* _PROVIDED RECORDS_:
═══

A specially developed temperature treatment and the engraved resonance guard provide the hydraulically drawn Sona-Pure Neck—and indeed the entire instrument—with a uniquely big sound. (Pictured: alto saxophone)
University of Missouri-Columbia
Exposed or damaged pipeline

═══

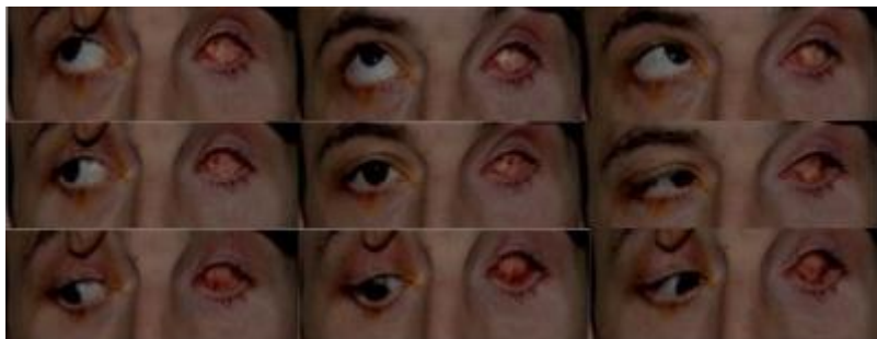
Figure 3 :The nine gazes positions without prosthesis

═══

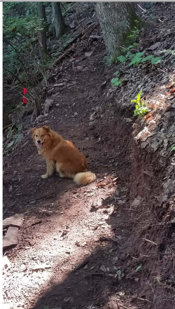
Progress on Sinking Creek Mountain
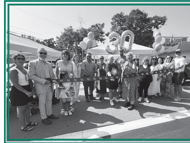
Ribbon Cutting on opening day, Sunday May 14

═══

* _WHAT YOU WILL DO_:
Retype word for word everything in the listing above from the line that holds "University of Missouri-Columbia" down to the line that holds "Exposed or damaged pipeline". Keep both end lines and leave out the rest.

* _PROBLEM SOLUTION_:
University of Missouri-Columbia
Exposed or damaged pipeline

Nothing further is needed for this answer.